The next step is to utilize the discretization of continuous attributes. Since our project focuses on the classification task using the random forest model, discretization ensures that the task is about classification instead of regression. The fillArray function contains the rule of discretizing the score column. We divide all the continuous value of AQI into six levels, with each level has a different bounded value.
The udf() function creates a function in a Python syntax and wraps it with PySpark SQL udf()[9]. Therefore, we can use the custom function on the dataframe or the column of dataframe.
The withColumn() is a transformation function of DataFrame, which is used to change the value, convert the datatype of an existing column, or create a new column. The initial column score is transformed with the custom function fillArray, and then the withColumn() function creates a new column named df_dis in the dataframe.
4.6 Visualization
4.6.1 Transfering the data to pandas dataframe
To make visualization look better, we decide to use pandas dataframe to store data instead of pyspark dataframe.
df = df_dis.toPandas()
4.6.2 Draw the bar chart of classes
fig = plt.figure(figsize=(18,12))
ax = fig.add_subplot(1, 1, 1, frameon=True)

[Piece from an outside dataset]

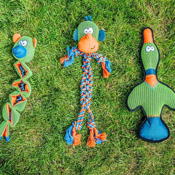 Tough Fabric squeaky dog toy. Improve sensory play experience. Tested for safety. 11 x 49 x 30 cm.

sns.countplot(data=df,x='AQI_dis')
ax.set_xticklabels(['excellent', 'good','lightly polluted', 'moderately polluted', 'heavily polluted', 'severely polluted'])
fig.show()
To make the classification process more simple, we use 6 different integers to represent 6 different classes of air quality levels.

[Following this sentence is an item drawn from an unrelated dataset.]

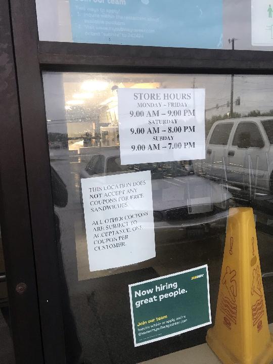 I don’t do reviews but I got a foot long tuna sandwich had a coupon n I ask can she put little more cheese she said no cus I had a coupon then as I looked closely at my sandwich it wasn’t even enough tuna on the sandwich to even spade on there I also had another sandwich I think she was been funny n put lil bite of cheese on there n lots of miracle whip and sweet onion sauce but little does she know that’s how My Son likes a lot of miracles whip n Sweet onion sauce on his sandwich but she didn’t even ask if I wanted a lot tho poor service I will not be back there !!!!!!!!!!!!!!!!!!! If you don’t want to do coupons at your store...

From this chart, we can find that in the most time, the air quality is good, and only a few hours that Lanzhou had a serious air pollution.
4.6.3 Draw the distributions of features
fig = plt.figure(figsize=(24,12))
gs = fig.add_gridspec(3,4)
gs.update(wspace=0.5, hspace=0.5)
ax0 = fig.add_subplot(gs[0,0])
ax1 = fig.add_subplot(gs[0,1])
ax2 = fig.add_subplot(gs[0,2])
ax3 = fig.add_subplot(gs[0,3])
ax4 = fig.add_subplot(gs[1,0])
ax5 = fig.add_subplot(gs[1,1])
ax6 = fig.add_subplot(gs[1,2])
ax7 = fig.add_subplot(gs[1,3])
ax8 = fig.add_subplot(gs[2,0])
ax9 = fig.add_subplot(gs[2,1])
ax10 = fig.add_subplot(gs[2,2])
ax11 = fig.add_subplot(gs[2,3])
ax0.set_xticklabels([])
ax0.set_yticklabels([])
ax0.grid(False)
ax0.text(0.5,0.5,
'The kernel density\nestimation plots',
horizontalalignment='center',
verticalalignment='center',
fontsize=24, fontweight='bold',
fontfamily='serif',
color="#000000")
ax0.spines["bottom"].set_visible(False)
ax0.spines["left"].set_visible(False)
ax0.spines["top"].set_visible(False)
ax0.spines["right"].set_visible(False)
ax0.tick_params(left=False, bottom=False)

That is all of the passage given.